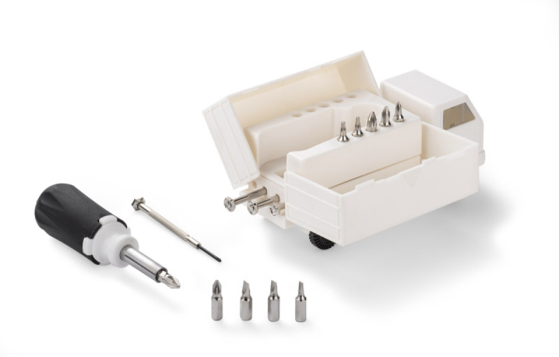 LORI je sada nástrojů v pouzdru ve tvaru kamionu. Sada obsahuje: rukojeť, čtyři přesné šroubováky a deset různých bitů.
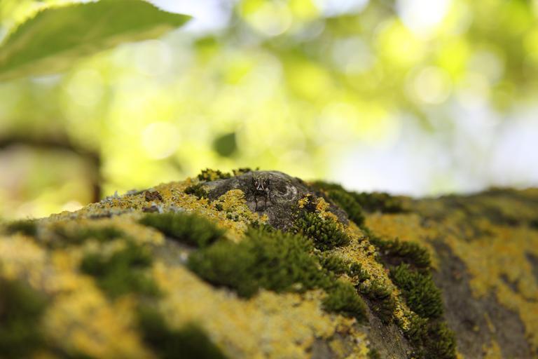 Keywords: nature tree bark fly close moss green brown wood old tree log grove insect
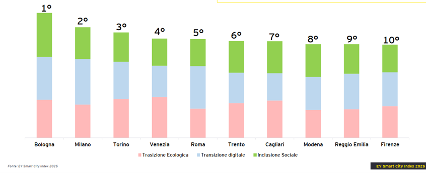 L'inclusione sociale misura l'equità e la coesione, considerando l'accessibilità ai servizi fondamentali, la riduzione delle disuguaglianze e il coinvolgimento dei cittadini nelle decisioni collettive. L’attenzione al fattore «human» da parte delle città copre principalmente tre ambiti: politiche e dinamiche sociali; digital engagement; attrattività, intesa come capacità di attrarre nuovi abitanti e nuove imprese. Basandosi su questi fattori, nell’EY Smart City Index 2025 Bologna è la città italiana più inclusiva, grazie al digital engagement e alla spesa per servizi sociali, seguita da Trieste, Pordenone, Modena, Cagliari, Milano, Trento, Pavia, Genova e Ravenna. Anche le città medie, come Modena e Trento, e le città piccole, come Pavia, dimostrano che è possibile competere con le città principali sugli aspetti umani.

◆ **Assignment**
Give the listing again exactly, excluding pictures.

◆ **Finished task**
 LORI je sada nástrojů v pouzdru ve tvaru kamionu. Sada obsahuje: rukojeť, čtyři přesné šroubováky a deset různých bitů.
 Keywords: nature tree bark fly close moss green brown wood old tree log grove insect
 L'inclusione sociale misura l'equità e la coesione, considerando l'accessibilità ai servizi fondamentali, la riduzione delle disuguaglianze e il coinvolgimento dei cittadini nelle decisioni collettive. L’attenzione al fattore «human» da parte delle città copre principalmente tre ambiti: politiche e dinamiche sociali; digital engagement; attrattività, intesa come capacità di attrarre nuovi abitanti e nuove imprese. Basandosi su questi fattori, nell’EY Smart City Index 2025 Bologna è la città italiana più inclusiva, grazie al digital engagement e alla spesa per servizi sociali, seguita da Trieste, Pordenone, Modena, Cagliari, Milano, Trento, Pavia, Genova e Ravenna. Anche le città medie, come Modena e Trento, e le città piccole, come Pavia, dimostrano che è possibile competere con le città principali sugli aspetti umani.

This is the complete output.